• Exercise aim:
Transcribe the entries exactly; images are not part of the copy.

• Provided material:
____

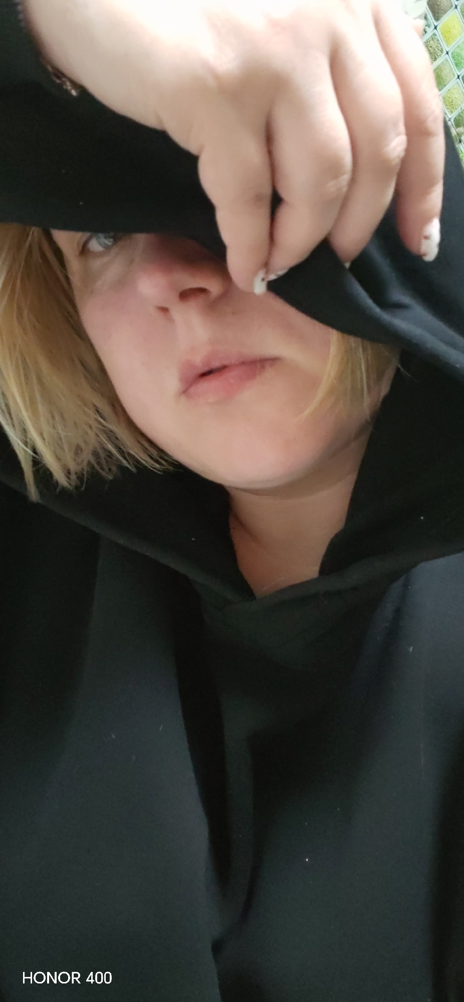 A person with blond hair and fair skin is wearing a black hooded sweatshirt, with the hood pulled up and partially covering the face. One hand is holding the hood fabric near the forehead. The visible…read more
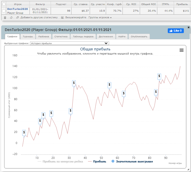 ABI = 6,3$ / Турниров: 99 / Профит: +141$ - best week! King(Supernova): 239/100000SP(0,2%)
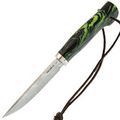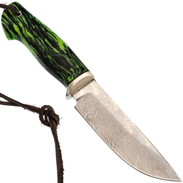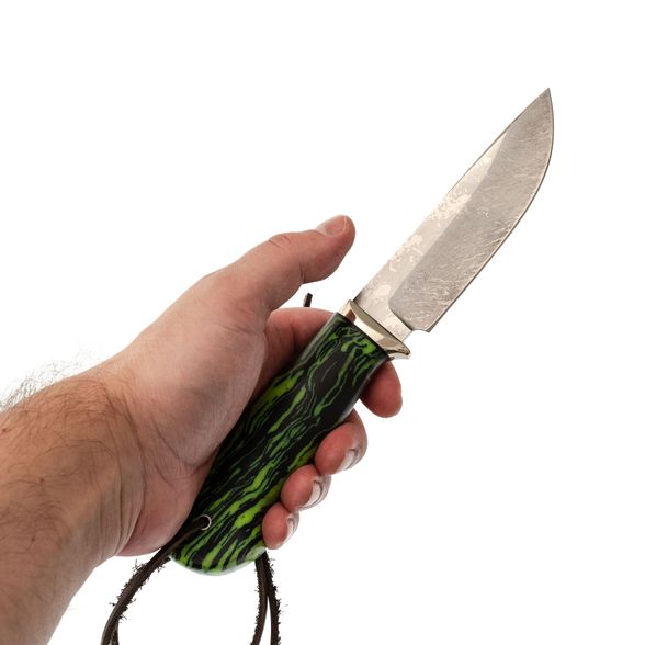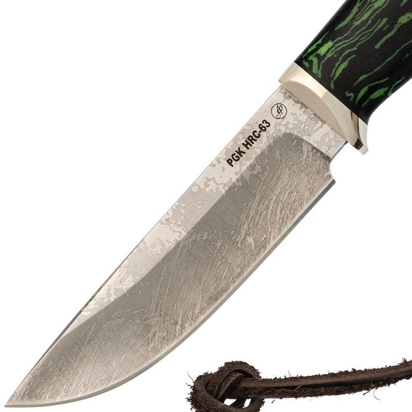 Клинок, выполненный из стали PGK, сочетает в себе эстетику и функциональность. Эта высокоуглеродистая сталь со средним содержанием хрома славится способностью долго удерживать заточку и позволяет затачивать нож на малые углы, достигая идеального реза. Форма Drop-Point с высокими спусками делает нож универсальным и мощным инструментом: он легко справляется с точными резами и тяжёлыми задачами. Травление на клинке не только подчёркивает его уникальный характер, но и защищает металл от коррозии. Однако, как и всякое произведение искусства, клинок требует внимания: лучше избегать длительного контакта с водой, чтобы сохранить его первозданный вид.
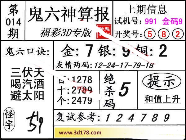 3d第17014期鬼六神算报为您推荐鬼六口诀:
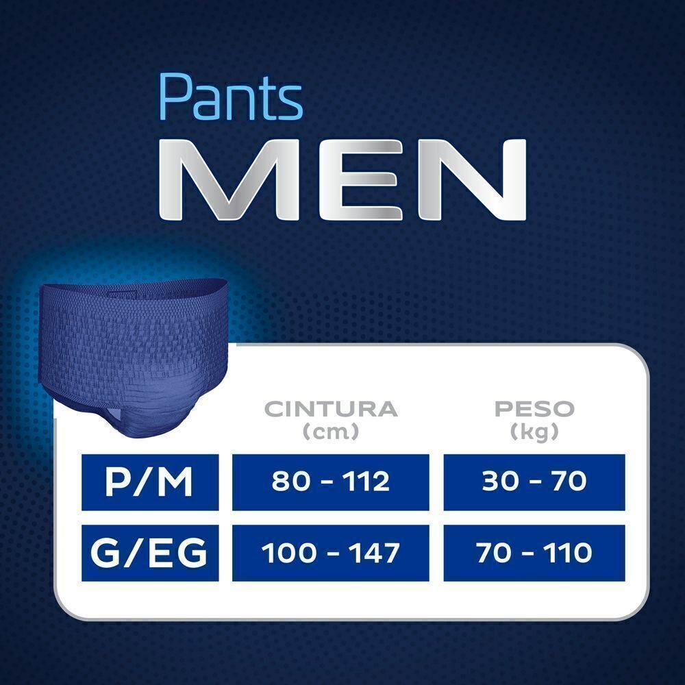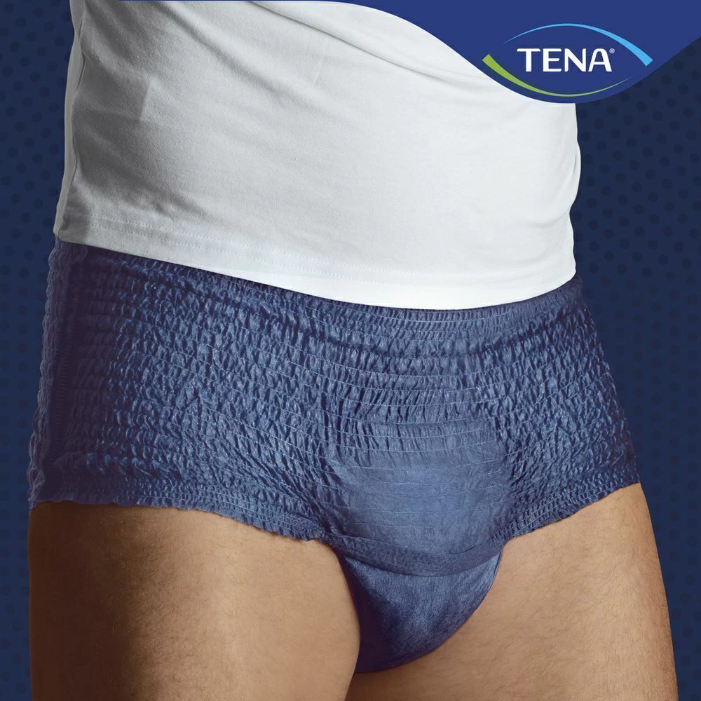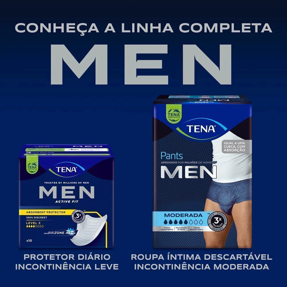 TENA Pants MEN é uma roupa íntima descartável que veste como cueca, desenvolvida especialmente para homens com incontinência urinária moderada que buscam conforto, discrição, segurança contra vazamentos e manter o cuidado com a pele. Possui neutralizador de odor e uma zona de absorção segura, formato anatômico que se ajusta perfeitamente ao corpo proporcionando conforto, facilidade de uso e discrição. A segurança deve-se especialmente à uma zona de absorção frontal que absorve rapidamente a urina, mantendo-a longe da pele e assim, deixando-a seca, auxiliando a reduzir o risco de irritações ou infecções cutâneas.TENA Pants MEN é ideal para homens ativos, discreto como uma cueca, com controle de odor e alta absorção.

____

• Solution to the problem:
 A person with blond hair and fair skin is wearing a black hooded sweatshirt, with the hood pulled up and partially covering the face. One hand is holding the hood fabric near the forehead. The visible…read more
 ABI = 6,3$ / Турниров: 99 / Профит: +141$ - best week! King(Supernova): 239/100000SP(0,2%)
 Клинок, выполненный из стали PGK, сочетает в себе эстетику и функциональность. Эта высокоуглеродистая сталь со средним содержанием хрома славится способностью долго удерживать заточку и позволяет затачивать нож на малые углы, достигая идеального реза. Форма Drop-Point с высокими спусками делает нож универсальным и мощным инструментом: он легко справляется с точными резами и тяжёлыми задачами. Травление на клинке не только подчёркивает его уникальный характер, но и защищает металл от коррозии. Однако, как и всякое произведение искусства, клинок требует внимания: лучше избегать длительного контакта с водой, чтобы сохранить его первозданный вид.
 3d第17014期鬼六神算报为您推荐鬼六口诀:
 TENA Pants MEN é uma roupa íntima descartável que veste como cueca, desenvolvida especialmente para homens com incontinência urinária moderada que buscam conforto, discrição, segurança contra vazamentos e manter o cuidado com a pele. Possui neutralizador de odor e uma zona de absorção segura, formato anatômico que se ajusta perfeitamente ao corpo proporcionando conforto, facilidade de uso e discrição. A segurança deve-se especialmente à uma zona de absorção frontal que absorve rapidamente a urina, mantendo-a longe da pele e assim, deixando-a seca, auxiliando a reduzir o risco de irritações ou infecções cutâneas.TENA Pants MEN é ideal para homens ativos, discreto como uma cueca, com controle de odor e alta absorção.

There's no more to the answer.